Studio album by Ana Popović
- Released: May 5, 2023
- Genre: Rock, blues, jazz,, neo-soul
- Length: 40:15
- Label: ArtisteXclusive
- Producer: Ana Popović, Buthel

Ana Popović chronology
| Live for Live (2020) | Power (2023) | Dance to the Rhythm (2025) |

= Power (Ana Popović album) =

Power is Ana Popović's ninth studio album, released on May 5, 2023, on ArtisteXclusive records. In the fall of 2020 during the Covid pandemic, Popović was diagnosed with breast cancer, and considered abandoning her career. Buthel Burns, her bass player and musical director, pushed her to develop the material for this album between her 14 chemotherapy sessions and flights between Los Angeles and Amsterdam. Popović collaborated with Buthel over Zoom to develop the songs. She found the creation of the music to be part of the healing process for her spirit and body.
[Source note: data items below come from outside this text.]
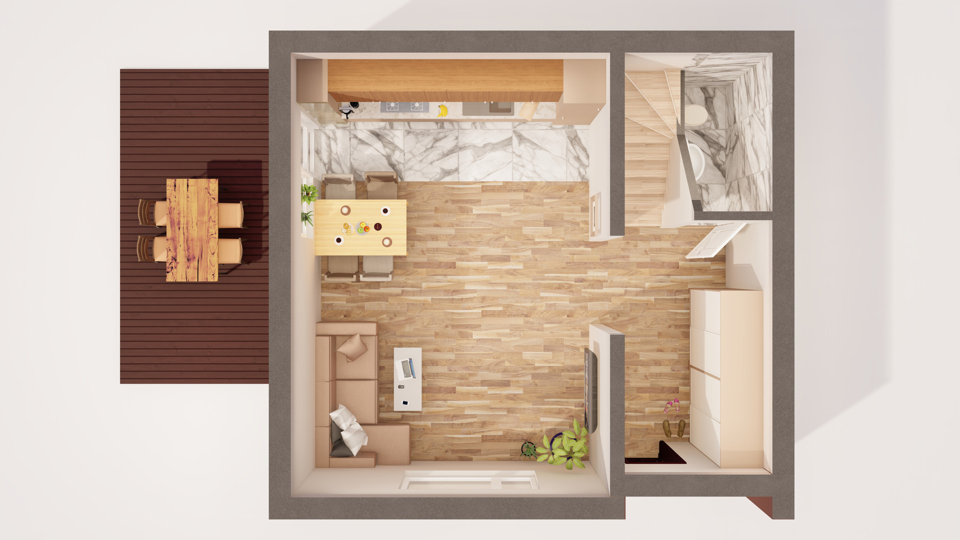 Просторная кухня-гостиная, собственная веранда, 3 спальни, гардеробная, высокий мансардный этаж, который может быть роскошной спальней/детской игровой/собственным залом для йоги/большим залом для того, чтобы собираться компанией друзей или большой семьей.
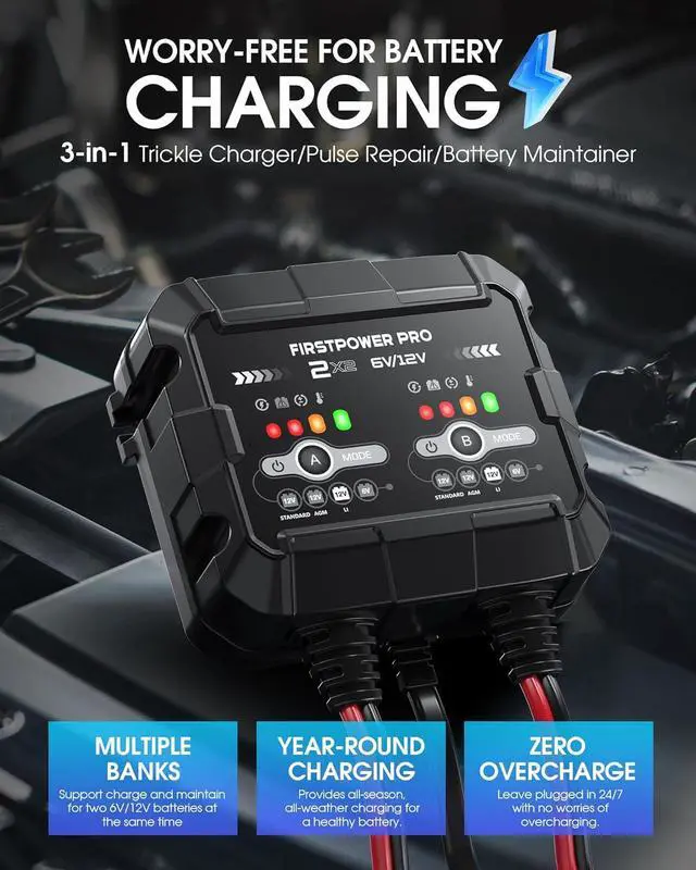 Battery Restoration & Maintenance1) An advanced battery repair mode, helps to restore the old/idle batteries lost performance and extend battery life. 2) Beyond maintenance - not just a battery trickle charger, but also an advanced battery maintainer. Its a fully-automatic, worry-free smart battery charger for everyday use - 24/7 - with zero overcharge.
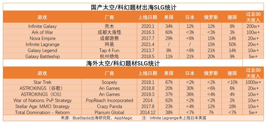 比起竞争激烈、耳熟能详的三国题材,太空/科幻题材在国内一直较为小众尤其是放在SLG手游里来看,但是在海外,网易科幻题材SLG《无尽的拉格朗日》已经上线了俄罗斯、德国等几个国家,壳木游戏的《Infinie Galaxy》也正在冲击美、日市场。海外的太空/科幻题材SLG还有不少老牌出海厂商的身影,以老游戏居多,这个题材依旧有着不错的市场空间等待突围。
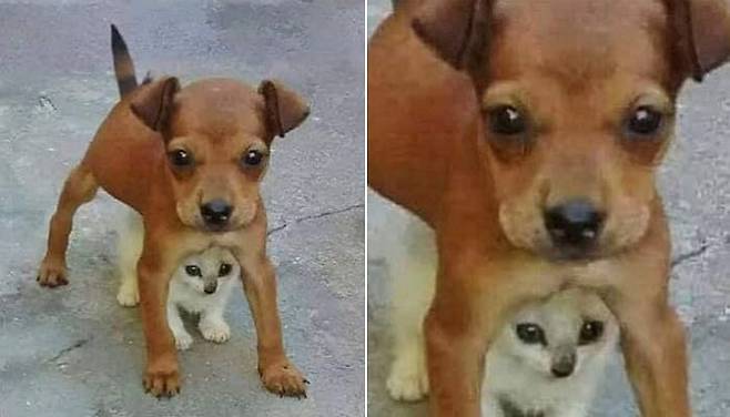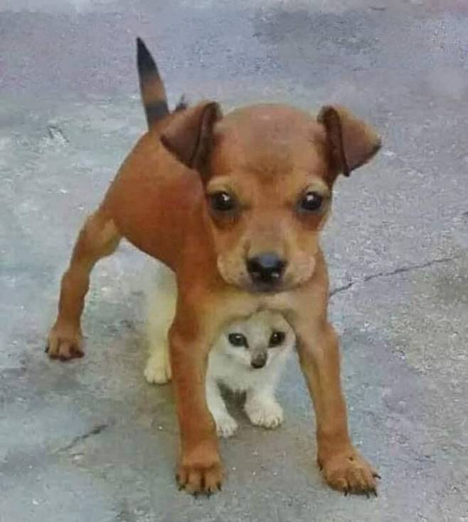 작은 강아지가 고양이를 지키겠다고 서있는게 아니겠어요 ㅎㅎ

The album was about her empowerment, and pushing through to live her life to the fullest. Buthel and Popović co-produced the album, and eighteen musicians were involved in creating the album anchored by the core trio of Popović on vocals and guitars, Buthel on vocals and bass and Chris Coleman on vocals and drums.

Professional ratings
Review scores
| Source | Rating |
| Blues Rock Review | Star |
| American Songwriter | Star |

==Track listing==

| No. | Title | Writer(s) | Length |
|---|---|---|---|
| 1. | "Rise Up" | Ana Popović, Corey LaDell Burns | 4:44 |
| 2. | "Power Over Me" | Popović | 3:42 |
| 3. | "Doin' This" | Popović, Burns | 3:38 |
| 4. | "Luv'n Touch" | Popović, Burns | 4:09 |
| 5. | "Queen of the Pack" | Popović, Burns | 3:28 |
| 6. | "Strong Taste" | Popović, Burns | 3:35 |
| 7. | "Recipe Is Romance" | Popović, Burns | 4:12 |
| 8. | "Deep Down" | Popović, Burns | 3:52 |
| 9. | "Ride It" | Popović, Burns | 3:51 |
| 10. | "Flicker 'n Flame" | Popović, Burns | 2:40 |
| 11. | "Turn My Luck" | Popović, Burns | 2:24 |
| Total length: |  |  | 40:15 |

==Personnel==
Musicians
- Ana Popović – vocals, electric guitar; slide guitar, acoustic guitar
- Buthel – bass, backing vocals
- Jeff Bates – rhythm guitar (track 4)
- Joe Foster – rhythm guitar (tracks 4, 7)
- Eric Ramey – bass (except track 9)
- Jeremy Thomas – keyboards, Hammond electric organ (tracks 2, 5)
- Michele Papadia – keyboards, Hammond electric organ (tracks 1, 2, 7, 8, 9)
- Brandon Bland – Hammond electric organ (tracks 3, 4, 6)
- Chris Coleman – drums, percussion (except tracks 1, 8)
- Jerry Kelley – drums (tracks 1, 8)
- Mark Mullins – trombone (tracks 2, 4, 7, 9)
- Claudio Giovagnoli – saxophone (tracks 2, 5, 7)
- Brad Walker – tenor saxophone (tracks 2, 4, 7, 9)
- Bobby Campo – trumpet (tracks 2, 4, 7, 9)
- Davide Ghidoni– trumpet (tracks 2, 5, 7)
- Tasha Parker – background vocals (tracks 3, 4, 7, 8)
- Noel Burns – background vocals (tracks 3, 4, 7, 8)
- Jerry Kelley – background vocals (track 1)
- Nia Kelley – background vocals (track 1)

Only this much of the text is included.